The computers we use every day are based on bits, which can be in one of two states (0 or 1). In contrast, quantum computers use qubits, which can also be in superpositions of states. These computers have the potential to solve some problems much faster than conventional computers. The majority of quantum computers so far have been “hardwired” to perform only a single type of calculation.
Shantanu Debnath, University of Maryland, College Park, USA, and colleagues have developed a quantum computer that can be programmed to run a variety of different algorithms. The team uses five 171Yb+ ions as qubits, arranged into a line with a spacing of about 5 μm. The ions are trapped in a so-called Paul trap, which uses changing electric fields to keep the ions in place. To “program” this quantum processor, the researchers change the state of the individual qubits using shaped laser pulses to build logic gates. Logic gates, the basic building blocks of computer chips, perform operations such as AND or OR.

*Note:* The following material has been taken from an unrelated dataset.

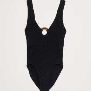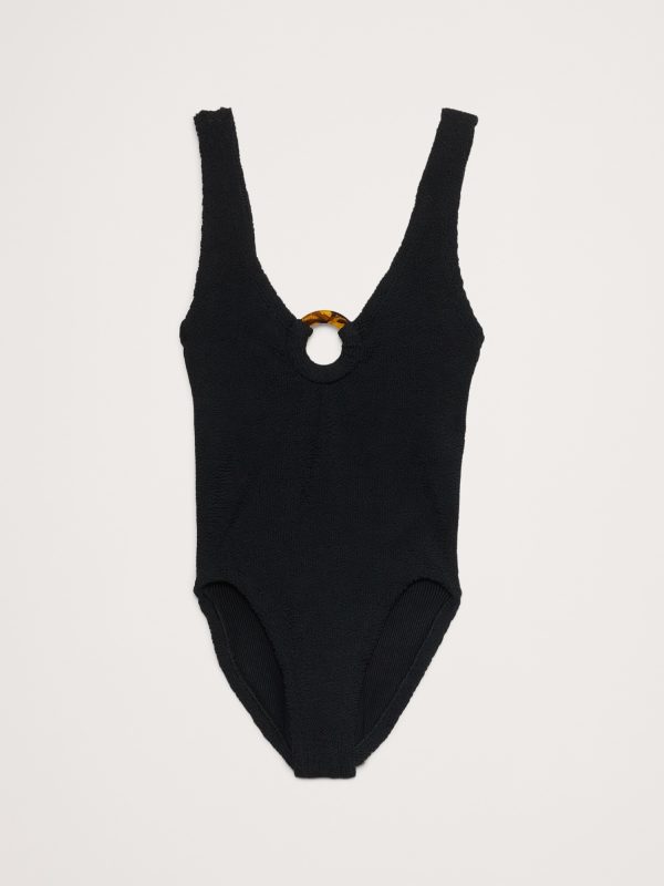 Modern swimsuit, timeless appeal. With tortoiseshell hoop detailing and a deep-v neckline, Celine has understated glamour down. Crafted in the brand’s signature Original Crinkle™ fabric, which offers a custom fit for US size 2-12.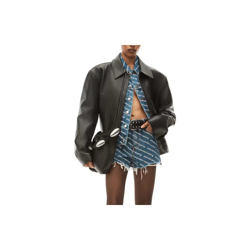 (W) 알렉산더 왕 바이트 로고 쇼츠 딥 블루 데님 - POIZON

Using this approach, the team has implemented and tested several quantum algorithms, such as the Deutsch-Jozsa and the Bernstein-Vazirani algorithm, which determine the properties of certain mathematical functions. The setup had average success rates for these algorithms of 95 % and 90 %, respectively. According to the researchers, the system could be expanded by increasing the number of qubits or combing multiple ion traps.
- Demonstration of a small programmable quantum computer with atomic qubits,
S. Debnath, N. M. Linke, C. Figgatt, K. A. Landsman, K. Wright, C. Monroe,
Nature 2016, 536, 63–66.